Key West is located in the Strait of Florida, between the Gulf of Mexico and the Atlantic Ocean, approximately forty miles north of the Tropic of Cancer. I was extremely anxious to experience subtropical weather in the month of February; during the flight, I fantasized about how Mother Nature would take me into her philanthropic arms and gently hold me until my anxiety dissolved into the purifying salt water. Thoughts of the warm, penetrating sunshine engulfed me; I was strolling down the warm, beach while gazing into beautiful pale-blue water. I could feel the sun’s rays covering my face, the gentle breeze blowing through my hair, and the tangy salt water nipping at my lips.
The pilot’s voice brought me back to reality as the small aircraft was preparing to land; He said, “it’s a balmy seventy-five degrees on the ground; have a pleasant day.” The plane touched down, but my head was still in the clouds--I was mesmerized. I felt as if I had passed through a time warp; I had descended back to an earlier decade: Humphrey Bogart and Lauren Bacall were arriving to say their last goodbyes as they had done n Casablanca; Ernest Hemingway was posting a parcel containing his latest writings; Teddy Roosevelt and Joe Kennedy, Sr. were at the end of the runway (Roosevelt frequented Key West to obtain illegal rum for medicinal purposes, of course), or maybe these distinguished gentlemen were waiting to hop a liner for a cruise outside the United States boundary for a little gambling fun. Many famous and infamous people have flocked to Key West for a variety of reasons; it is a sub-tropical plethora of dreams and decadence.

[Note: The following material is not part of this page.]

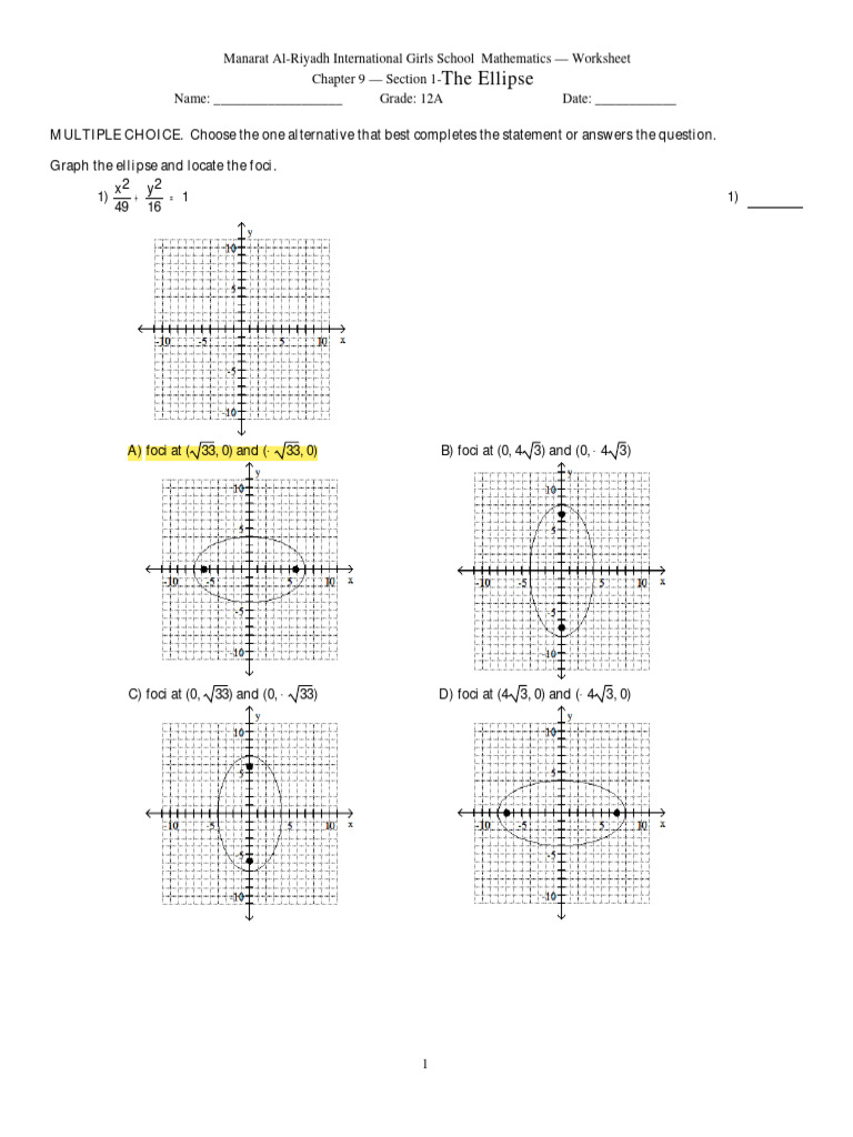 Fillable Online Ellipse Worksheet SOLUTION KEY.pdf Fax Email Print

The isle itself measures twelve miles by eight miles; therefore, the easiest mode of transportation is a bicycle. Touring Key West by bike is as natural as walking through a shopping mall. The terrain is flat and the temperatures are mild so one never gets overheated or winded. The streets are as congested as the streets in Manhattan, but no one indulges in profanity. Peddling down the northern side of Key West is like cruising through any other modern-day tourist trap; there is no way to avoid it, because it is the only way to get to the Old Town, Duval Street and Mallory Square, where life is one big party. Starting early afternoon Horn Blowers and the Hog’s Head pubs emit sounds of live music; tourist and residents alike partake of the refreshing beverages and mellow music.
The residents of Key West are benign and socially elastic; some live in opulent mansions while others are content living on cozy houseboats. They are a diverse group of people, yet they live in harmony. Those not wealthy make their as best they can: street vendors, waitresses, taxi drivers, snorkel instructors, pub musicians; all work happily. They seem to have discovered peace of mind, body and soul.
At sunset the only place to be is at the southwest end of Old Town by the shipping ports in Mallory Square. While awaiting the sunset all spectators are entertained by a vast variety of talented individuals: jugglers, sword and fire swallowers, magicians, singers, dancers, and even Uncle Sam. Then, the impeccable sunset: a huge, breathtaking red-orange sphere slowly sinks into the horizon as if it were a sinking ship; the surrounding alpenglow is truly a sailor’s delight. The spectacular spectrum of color is better than fireworks on the 4th of July.
Key West has an aesthetic quality that is overwhelming for a small-town girl; its history creates a romantic aura that permeates one’s soul. Key West is a paradox in my mind, a great escape that I long for every winter since visiting there; I will return another winter.